Si cette évolution est présentée comme une avancée en public, dans les couloirs du plus petit État du monde, des salariées évoquent la résistance et la condescendance auxquelles elles sont confrontées. Dans leur viseur figurent tout particulièrement les clercs. Préférant garder l’anonymat, une des salariées en poste au Vatican depuis dix ans estime qu’“il reste beaucoup de chemin à faire”. Une de ses collègues parle d’“un plafond de verre et [d’] une attitude globalement paternaliste dans les couloirs”, source d’une vision passéiste de “la femme sensible, douce, qu’on retrouve dans les discours du pape”.
“Des stagiaires”
Si bien qu’elle et ses collègues ont parfois le sentiment “d’être considérées comme des stagiaires. Ce sont des petits gestes, une main sur l’épaule, un manque de considération, des remarques quasi-quotidiennes sur le physique et les tenues vestimentaires”, précise-t-elle. Alors, en 2016, des femmes ont lancé l’association Donne in Vatican (femmes au Vatican). Forte d’une centaine de membres, elle vise à “créer un réseau d’échanges” et à “valoriser le rôle des femmes”, détaille Margherita Romanelli, sa présidente.

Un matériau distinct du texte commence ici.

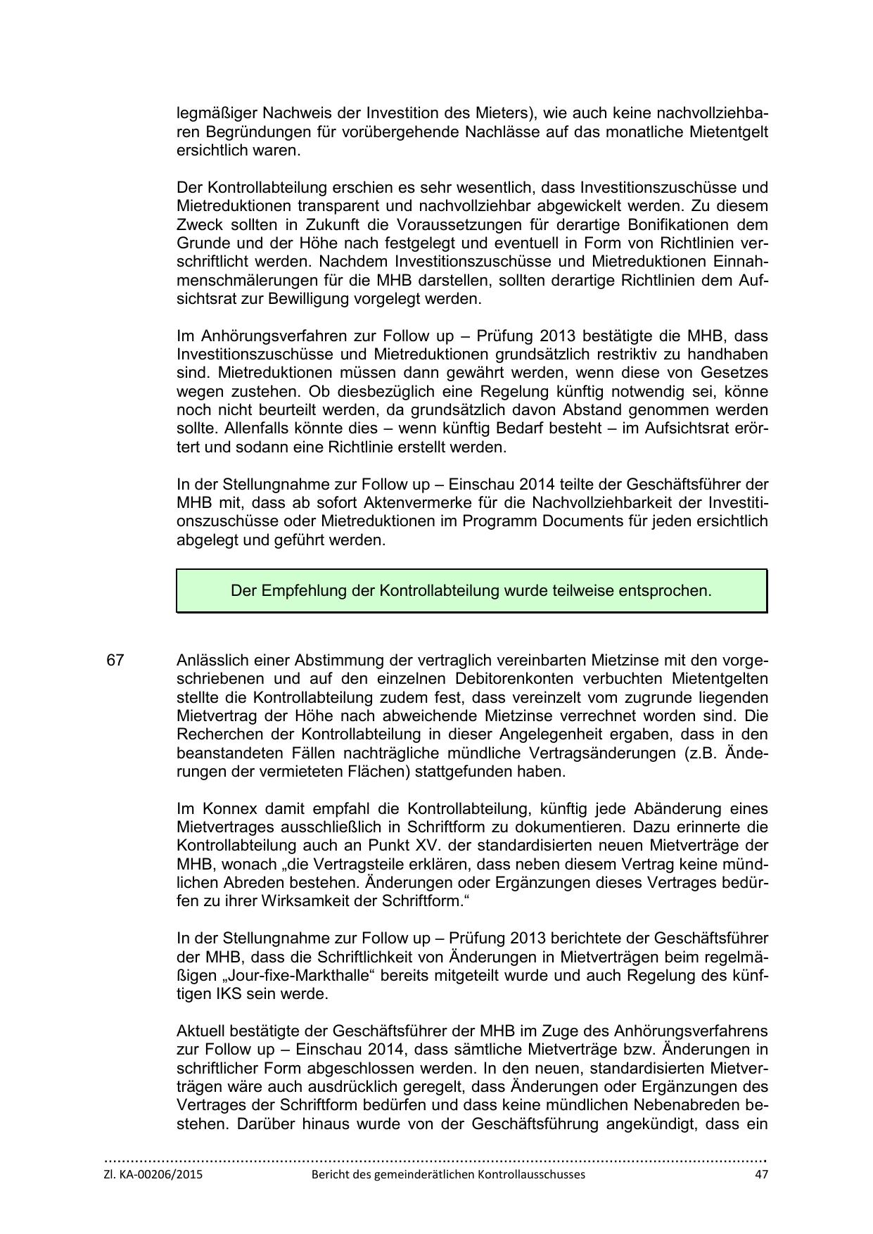 Grunde und der Höhe nach festgelegt und eventuell in Form von Richtlinien verschriftlicht werden. Nachdem Investitionszuschüsse und Mietreduktionen Einnahmenschmälerungen für die MHB darstellen, sollten derartige Richtlinien dem Aufsichtsrat zur Bewilligung vorgelegt werden.

Avant cela, en 2012, L’Osservatore Romano, le quotidien officiel du Vatican, avait lancé un supplément féminin mensuel. Mais face au “climat de méfiance”, sa fondatrice, Lucetta Scaraffia, a mis fin à cette aventure. Et d’ajouter qu’à son avis les réformes menées par le pape François sont “cosmétiques”, et masquent une “mentalité machiste”, selon laquelle “les femmes doivent servir sans rien demander en retour”.
Égalité salariale
Et d’illustrer ses propos en évoquant “l’esclavage moderne” des religieuses employées au Vatican et ailleurs chez des prêtres, évêques ou cardinaux, pour faire “la cuisine, le ménage, laver les vêtements”. Sans oublier les violences sexuelles contre des religieuses à Rome et dans le monde.

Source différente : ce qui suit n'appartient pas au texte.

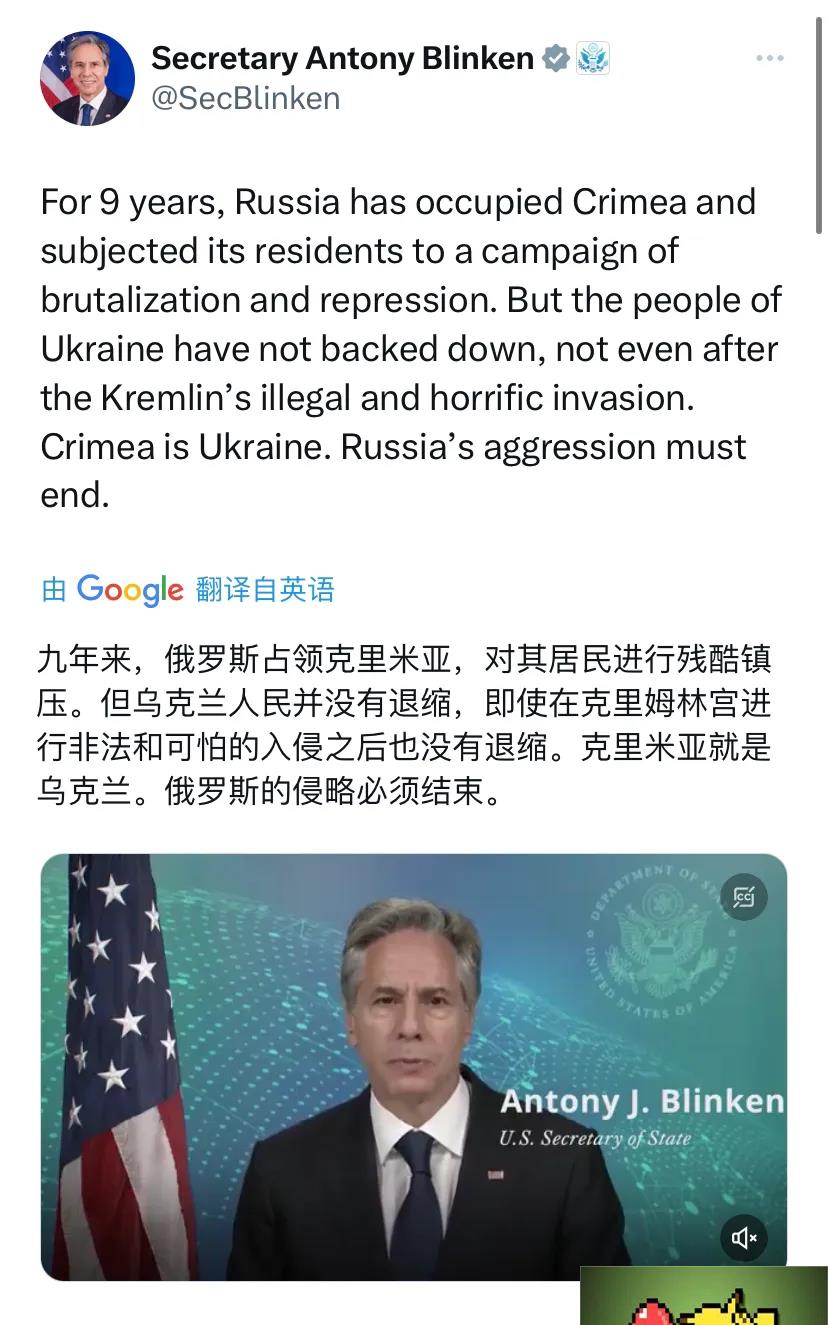 布林肯的话还透露出一个信息:在全球范围内,仅有十多个国家支持乌克兰在克里米亚问题上的立场。

D’autres saluent, en revanche, l’accélération d’une féminisation engagée il y a une vingtaine d’années, rappelle le site. Et depuis l’élection du pape François, il y a dix ans, les femmes occupant des postes à responsabilité sont trois fois plus nombreuses. Certaines participent même à la nomination des évêques. “Le Vatican a trente ou quarante ans de retard, mais la femme a une voix aujourd’hui, elle ne se laisse plus marcher sur les pieds”, souligne une salariée laïque âgée. Elle, comme les autres employées du Vatican, bénéficie de parité salariale. Une égalité pour laquelle d’autres femmes doivent encore se battre.